The moment I heard that my housemates weren’t going to come back to our student house until after reading week this semester, I was devastated. That meant that I was going to live alone for almost five weeks. I had never lived alone in my whole life, let alone in a pandemic where all I could do was stay at home. I wanted to stay in Waterloo no matter what, so I decided that I was going to make the most of my experience living alone. Looking back, it was a month that I’ll never forget. I learned a lot about myself and how to be independent. Here are a few of the main takeaways from my experience living alone.
Audiobooks and podcasts are great
The first things that really got me through the month alone were podcasts and audiobooks. I never realized how significant little conversations with my housemates were when we were cooking or getting ready for bed and brushing our teeth were until they were gone.
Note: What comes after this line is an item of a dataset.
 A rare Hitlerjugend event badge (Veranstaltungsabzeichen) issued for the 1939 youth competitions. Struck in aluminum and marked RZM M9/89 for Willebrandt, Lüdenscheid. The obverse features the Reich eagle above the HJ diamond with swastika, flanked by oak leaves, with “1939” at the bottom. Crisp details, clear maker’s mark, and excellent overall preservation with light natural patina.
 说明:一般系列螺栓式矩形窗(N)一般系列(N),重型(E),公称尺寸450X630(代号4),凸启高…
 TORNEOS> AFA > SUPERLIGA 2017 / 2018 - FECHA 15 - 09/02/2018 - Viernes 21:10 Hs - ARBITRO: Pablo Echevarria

These were the moments that were the most silent when I was living alone, so I decided to fill them with an audiobook or podcast. I started listening to them when I got out of bed in the morning to get dressed and get ready, when I cooked, on my walks and at night getting ready to go to sleep. They made me feel like I wasn’t alone and gave me something to listen to other than the creaks in my house.
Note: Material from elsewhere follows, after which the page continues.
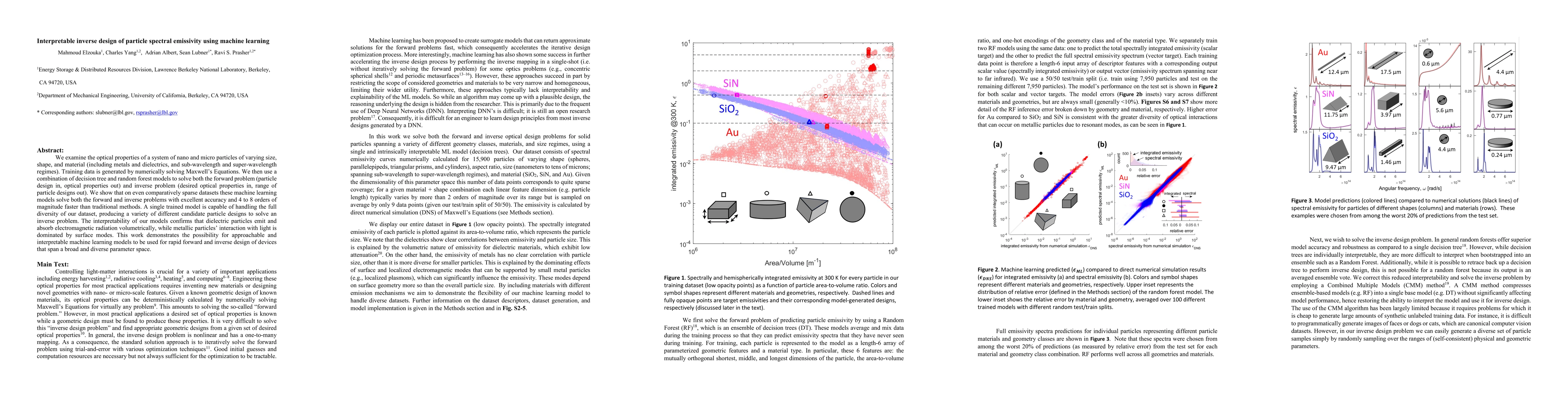 This paper explores the use of machine learning models, specifically decision trees and random forests, to rapidly design particles with desired optical properties by solving both forward and inverse problems. The models achieve high accuracy and significantly outperform traditional methods, demonstrating interpretability that clarifies the optical behavior of different particle materials.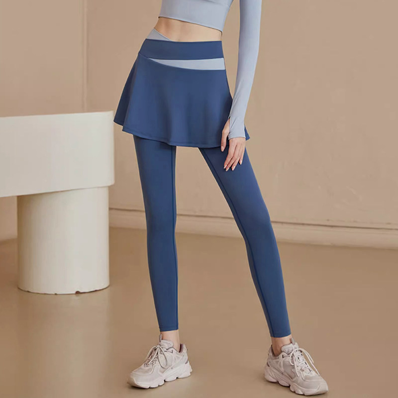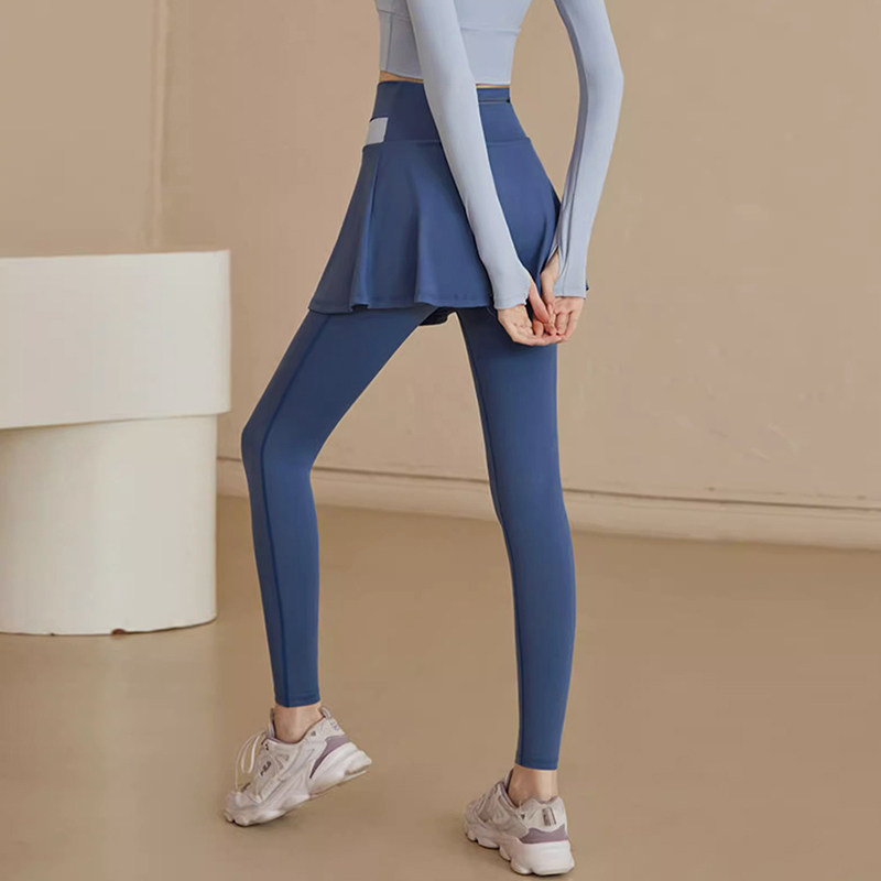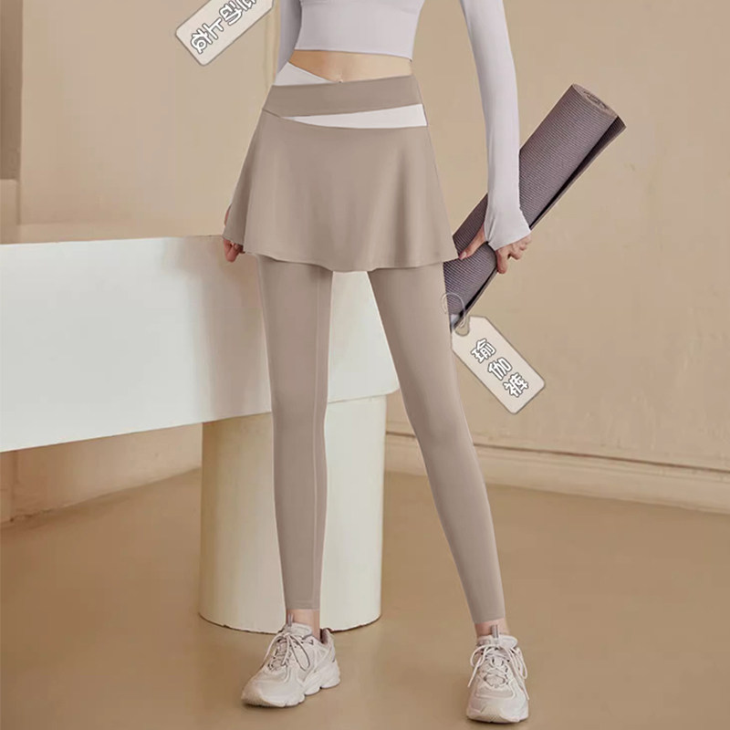 新款秋季假两件透气速干裤运动裙裤晨跑普拉提健身长裤瑜伽服裙子

A walk a day keeps you sane
Living alone, I spent most of my time in my room and in the kitchen. If I didn’t go outside for a walk each day, I would feel horrible at the end of the day after being inside for all those hours. So, I put on a podcast or a good playlist and went outside. My walks ranged from ten minutes to an hour depending on the day, but even those shorts ones made me feel good. A lot of the time, I also had a destination on my walks. The most frequent ones were Starbucks or the convenience store so I could “reward” myself for getting outside by buying myself a treat. This was a good motivator to get me outside and a way for me to know where and for how long I was walking.
Staying busy is important
There were actually very few times that I felt lonely when I was living alone, which was due to the fact that I was so busy. In all my time at Laurier, I have never been as busy as I was in the first half of this semester. The fact that I had very few social distractions might have been a blessing in disguise. If I wasn’t busy doing schoolwork or co-op applications, I made a point to do something else to keep myself occupied. This included working out, reading for fun and immersing myself in my extracurriculars. By doing those things, that month alone flew by so quickly I can barely remember half of it.
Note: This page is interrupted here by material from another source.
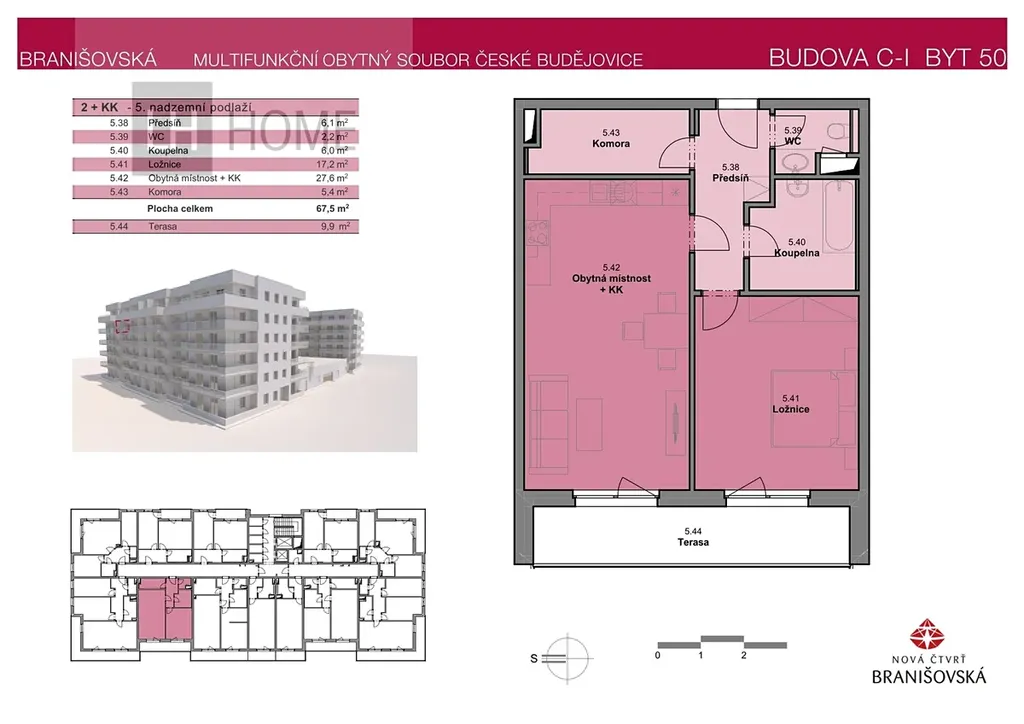 V projektu Nová čtvrť Branišovská v Českých Budějovicích nabízíme k prodeji moderní byt 2+kk o podlahové ploše 67,5 m² s balkonem o velikosti 9,9 m².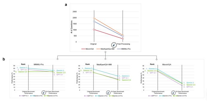 B-Clean的完整流程就是这样:把视觉基准测试中的图像全部去掉,让各个模型进行理解,如果模型在没有图的情况下还能答对,就说明这些题对模型的图像理解能力无效。把那些无效题删掉,最后剩下的,所有模型在没图的情况下都答不对的题目,才能真正考验模型的“视觉能力”。

I am capable of more than I know
Finally, the most important thing that I learned while I was alone was that I am capable of more than I know. Before this experience, I don’t think that I could have confidently stated that I would ever be okay living alone and actually enjoy it. I am proud of myself for the big leap I had to take in my independence. If I am ever in a situation in the future where I have to live alone again, I now know that I could do it easily as I went through it the first time in a pandemic.
As much as I got used to living alone, I’m glad that my housemates came back after reading week. The pandemic has been hard on many people because we are supposed to live in a community and not alone. So if you know someone who is living alone right now, call them to chat or send them a text to tell them you’re thinking about them – I know they would appreciate it.